- **Record extracts**:
:::::

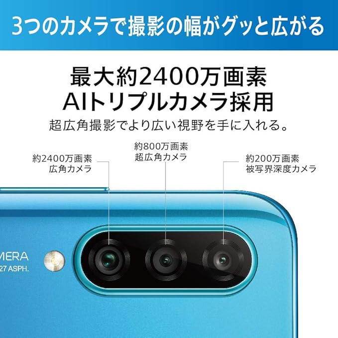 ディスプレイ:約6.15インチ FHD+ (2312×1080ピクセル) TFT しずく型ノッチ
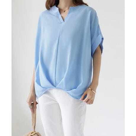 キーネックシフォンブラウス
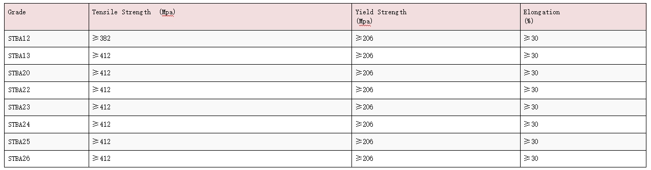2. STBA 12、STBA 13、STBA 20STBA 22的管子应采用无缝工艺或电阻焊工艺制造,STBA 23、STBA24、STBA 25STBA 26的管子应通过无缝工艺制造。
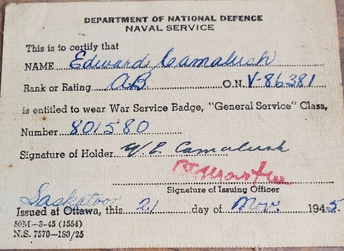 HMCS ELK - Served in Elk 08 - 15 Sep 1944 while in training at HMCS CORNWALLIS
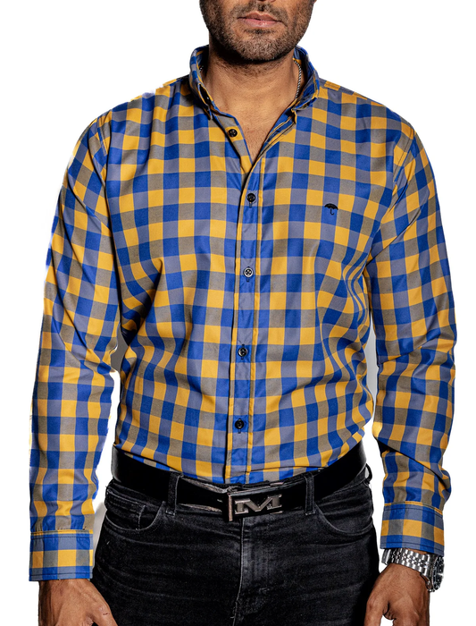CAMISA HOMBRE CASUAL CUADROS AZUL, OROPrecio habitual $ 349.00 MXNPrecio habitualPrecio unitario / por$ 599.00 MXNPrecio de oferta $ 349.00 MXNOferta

:::::

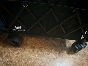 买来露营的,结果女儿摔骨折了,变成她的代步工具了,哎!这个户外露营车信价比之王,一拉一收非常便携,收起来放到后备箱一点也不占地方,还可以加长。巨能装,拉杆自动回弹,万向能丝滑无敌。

:::::

Write out exactly the run of lines above that starts at the line containing "2. STBA 12、STBA" and ends at the line containing "CAMISA HOMBRE CASUAL". Include both, and leave the pictures out.

2. STBA 12、STBA 13、STBA 20STBA 22的管子应采用无缝工艺或电阻焊工艺制造,STBA 23、STBA24、STBA 25STBA 26的管子应通过无缝工艺制造。
 HMCS ELK - Served in Elk 08 - 15 Sep 1944 while in training at HMCS CORNWALLIS
CAMISA HOMBRE CASUAL CUADROS AZUL, OROPrecio habitual $ 349.00 MXNPrecio habitualPrecio unitario / por$ 599.00 MXNPrecio de oferta $ 349.00 MXNOferta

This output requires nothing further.